* _TASK TO COMPLETE_
So that the copy stays text only, transcribe the data below exactly and exclude the images.

* _Data records_

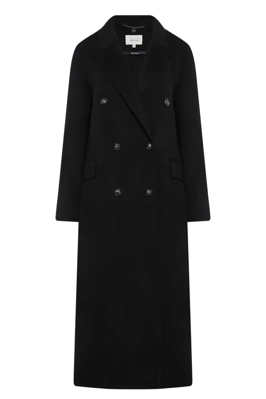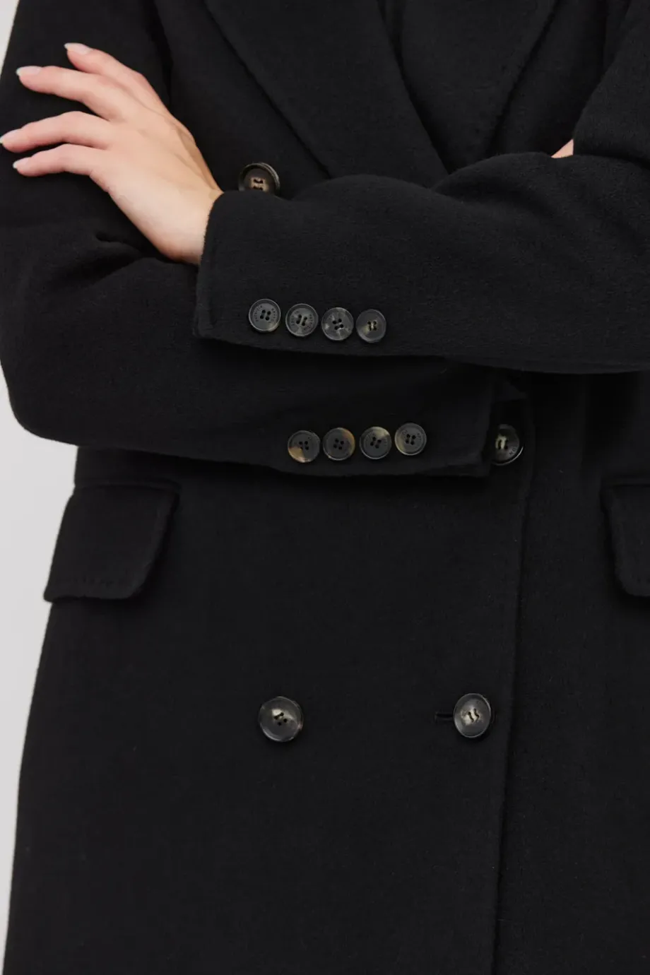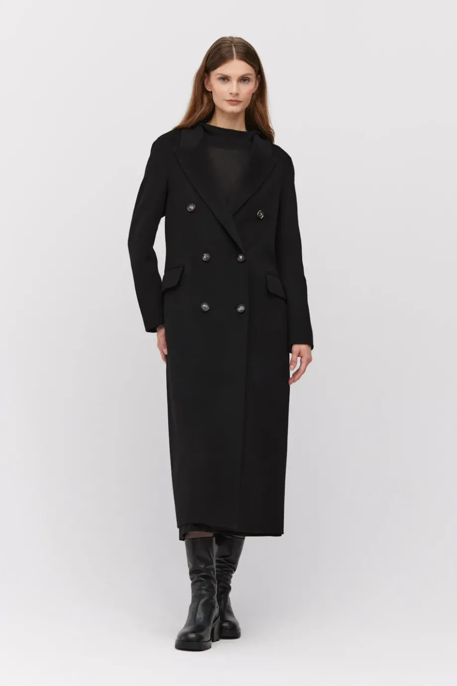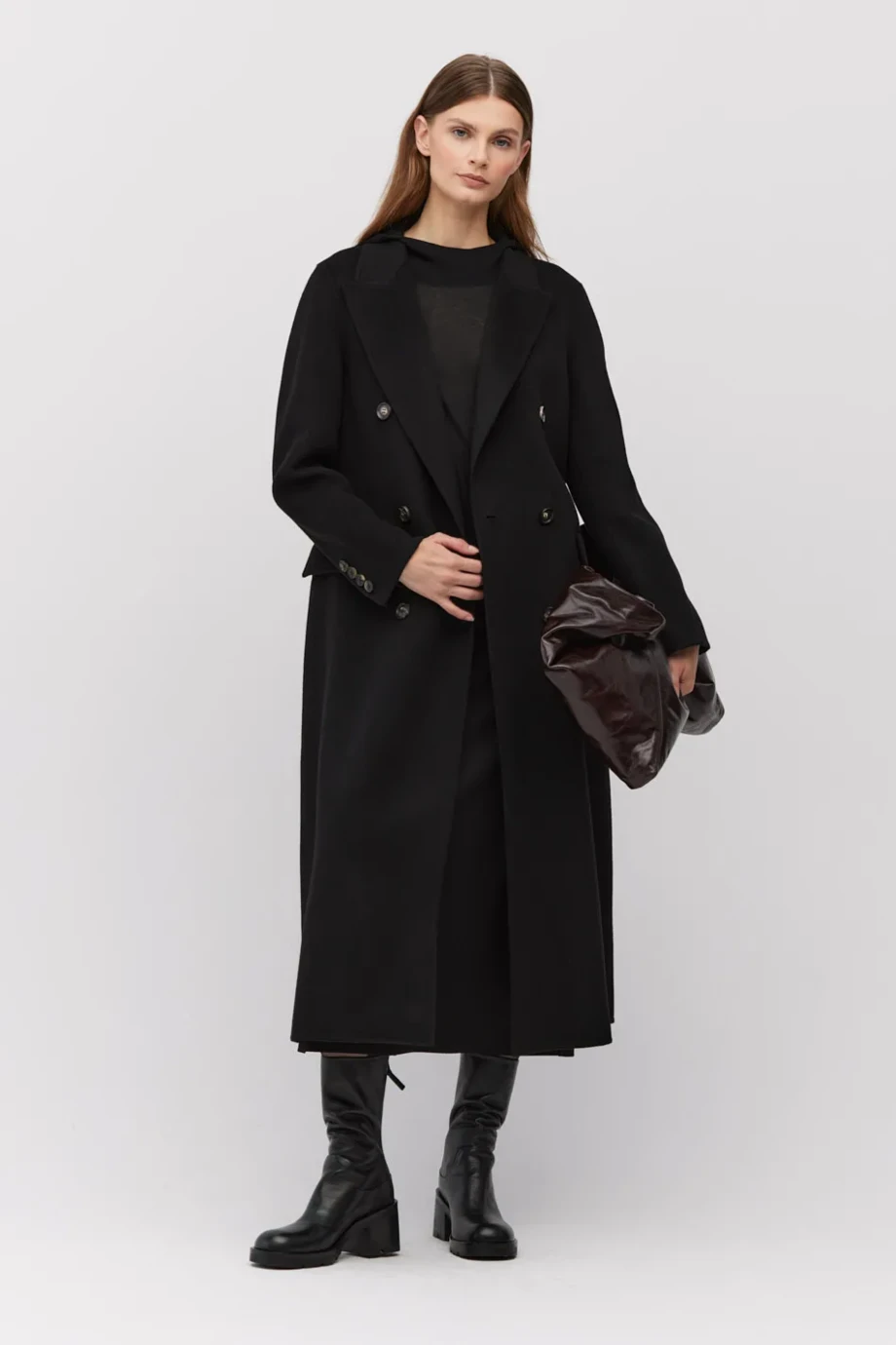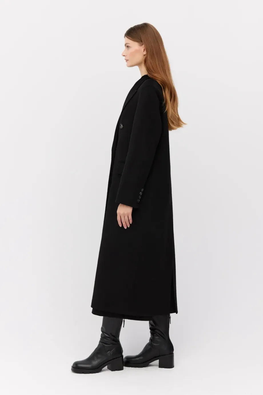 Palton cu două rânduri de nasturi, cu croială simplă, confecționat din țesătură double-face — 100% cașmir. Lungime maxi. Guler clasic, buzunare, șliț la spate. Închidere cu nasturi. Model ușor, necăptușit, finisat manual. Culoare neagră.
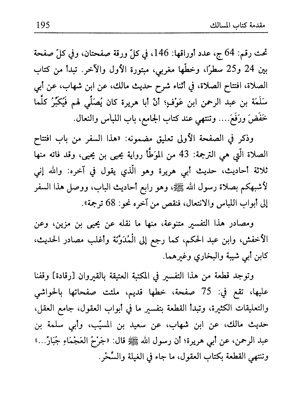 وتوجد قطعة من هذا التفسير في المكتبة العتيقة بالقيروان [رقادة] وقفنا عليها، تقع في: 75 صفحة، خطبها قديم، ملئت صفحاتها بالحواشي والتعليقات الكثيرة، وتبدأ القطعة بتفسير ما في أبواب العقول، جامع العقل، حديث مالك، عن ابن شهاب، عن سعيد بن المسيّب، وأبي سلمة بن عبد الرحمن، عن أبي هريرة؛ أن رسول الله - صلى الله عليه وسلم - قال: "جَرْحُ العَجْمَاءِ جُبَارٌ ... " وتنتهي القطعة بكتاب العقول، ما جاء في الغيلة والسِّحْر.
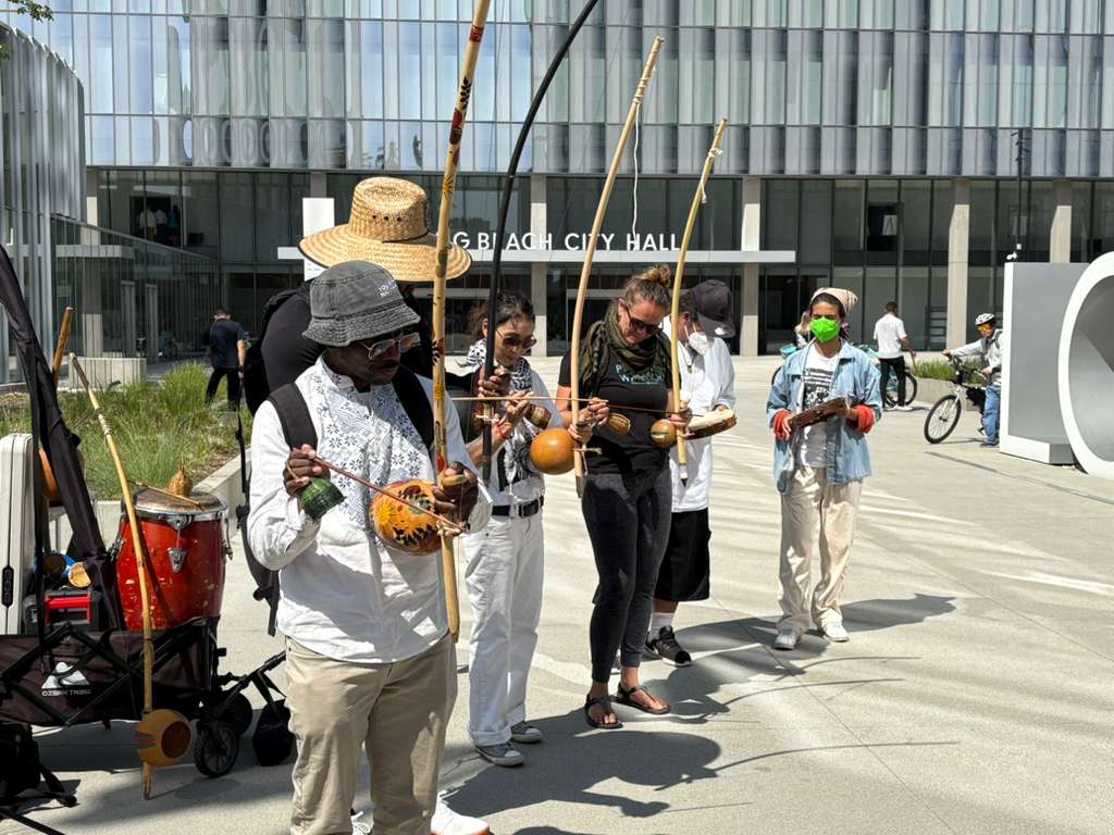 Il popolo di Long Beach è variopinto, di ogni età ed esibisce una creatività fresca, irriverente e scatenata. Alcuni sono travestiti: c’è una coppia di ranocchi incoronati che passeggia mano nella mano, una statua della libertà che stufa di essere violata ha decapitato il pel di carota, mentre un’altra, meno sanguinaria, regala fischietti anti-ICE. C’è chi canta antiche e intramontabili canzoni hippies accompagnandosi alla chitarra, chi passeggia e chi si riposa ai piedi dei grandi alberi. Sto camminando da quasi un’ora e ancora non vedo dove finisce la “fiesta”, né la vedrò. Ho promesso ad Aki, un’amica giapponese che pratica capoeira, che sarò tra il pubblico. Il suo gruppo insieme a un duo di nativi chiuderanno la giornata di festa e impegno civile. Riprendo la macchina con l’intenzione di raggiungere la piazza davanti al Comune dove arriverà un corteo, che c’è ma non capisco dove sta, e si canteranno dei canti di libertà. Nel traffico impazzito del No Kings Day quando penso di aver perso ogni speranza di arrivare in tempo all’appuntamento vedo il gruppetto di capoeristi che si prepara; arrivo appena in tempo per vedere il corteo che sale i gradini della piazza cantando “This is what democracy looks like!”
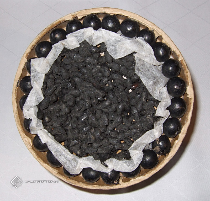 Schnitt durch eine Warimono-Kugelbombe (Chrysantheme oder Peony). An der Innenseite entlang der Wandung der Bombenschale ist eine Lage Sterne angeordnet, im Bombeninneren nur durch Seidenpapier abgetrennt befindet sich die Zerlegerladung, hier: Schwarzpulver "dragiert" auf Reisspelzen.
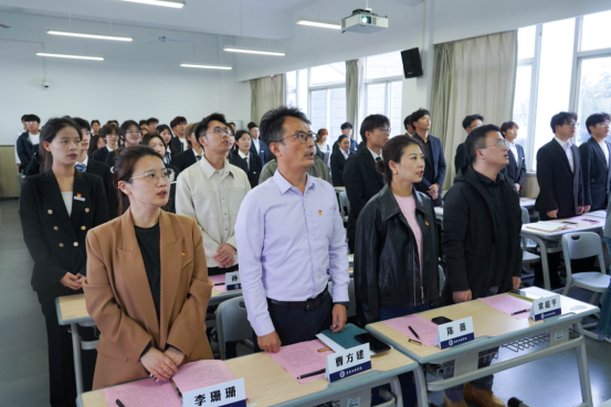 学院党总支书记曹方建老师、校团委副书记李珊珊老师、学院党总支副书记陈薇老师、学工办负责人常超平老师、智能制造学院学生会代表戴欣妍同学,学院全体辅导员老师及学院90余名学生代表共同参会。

* _YOUR RESPONSE_
 Palton cu două rânduri de nasturi, cu croială simplă, confecționat din țesătură double-face — 100% cașmir. Lungime maxi. Guler clasic, buzunare, șliț la spate. Închidere cu nasturi. Model ușor, necăptușit, finisat manual. Culoare neagră.
 وتوجد قطعة من هذا التفسير في المكتبة العتيقة بالقيروان [رقادة] وقفنا عليها، تقع في: 75 صفحة، خطبها قديم، ملئت صفحاتها بالحواشي والتعليقات الكثيرة، وتبدأ القطعة بتفسير ما في أبواب العقول، جامع العقل، حديث مالك، عن ابن شهاب، عن سعيد بن المسيّب، وأبي سلمة بن عبد الرحمن، عن أبي هريرة؛ أن رسول الله - صلى الله عليه وسلم - قال: "جَرْحُ العَجْمَاءِ جُبَارٌ ... " وتنتهي القطعة بكتاب العقول، ما جاء في الغيلة والسِّحْر.
 Il popolo di Long Beach è variopinto, di ogni età ed esibisce una creatività fresca, irriverente e scatenata. Alcuni sono travestiti: c’è una coppia di ranocchi incoronati che passeggia mano nella mano, una statua della libertà che stufa di essere violata ha decapitato il pel di carota, mentre un’altra, meno sanguinaria, regala fischietti anti-ICE. C’è chi canta antiche e intramontabili canzoni hippies accompagnandosi alla chitarra, chi passeggia e chi si riposa ai piedi dei grandi alberi. Sto camminando da quasi un’ora e ancora non vedo dove finisce la “fiesta”, né la vedrò. Ho promesso ad Aki, un’amica giapponese che pratica capoeira, che sarò tra il pubblico. Il suo gruppo insieme a un duo di nativi chiuderanno la giornata di festa e impegno civile. Riprendo la macchina con l’intenzione di raggiungere la piazza davanti al Comune dove arriverà un corteo, che c’è ma non capisco dove sta, e si canteranno dei canti di libertà. Nel traffico impazzito del No Kings Day quando penso di aver perso ogni speranza di arrivare in tempo all’appuntamento vedo il gruppetto di capoeristi che si prepara; arrivo appena in tempo per vedere il corteo che sale i gradini della piazza cantando “This is what democracy looks like!”
 Schnitt durch eine Warimono-Kugelbombe (Chrysantheme oder Peony). An der Innenseite entlang der Wandung der Bombenschale ist eine Lage Sterne angeordnet, im Bombeninneren nur durch Seidenpapier abgetrennt befindet sich die Zerlegerladung, hier: Schwarzpulver "dragiert" auf Reisspelzen.
 学院党总支书记曹方建老师、校团委副书记李珊珊老师、学院党总支副书记陈薇老师、学工办负责人常超平老师、智能制造学院学生会代表戴欣妍同学,学院全体辅导员老师及学院90余名学生代表共同参会。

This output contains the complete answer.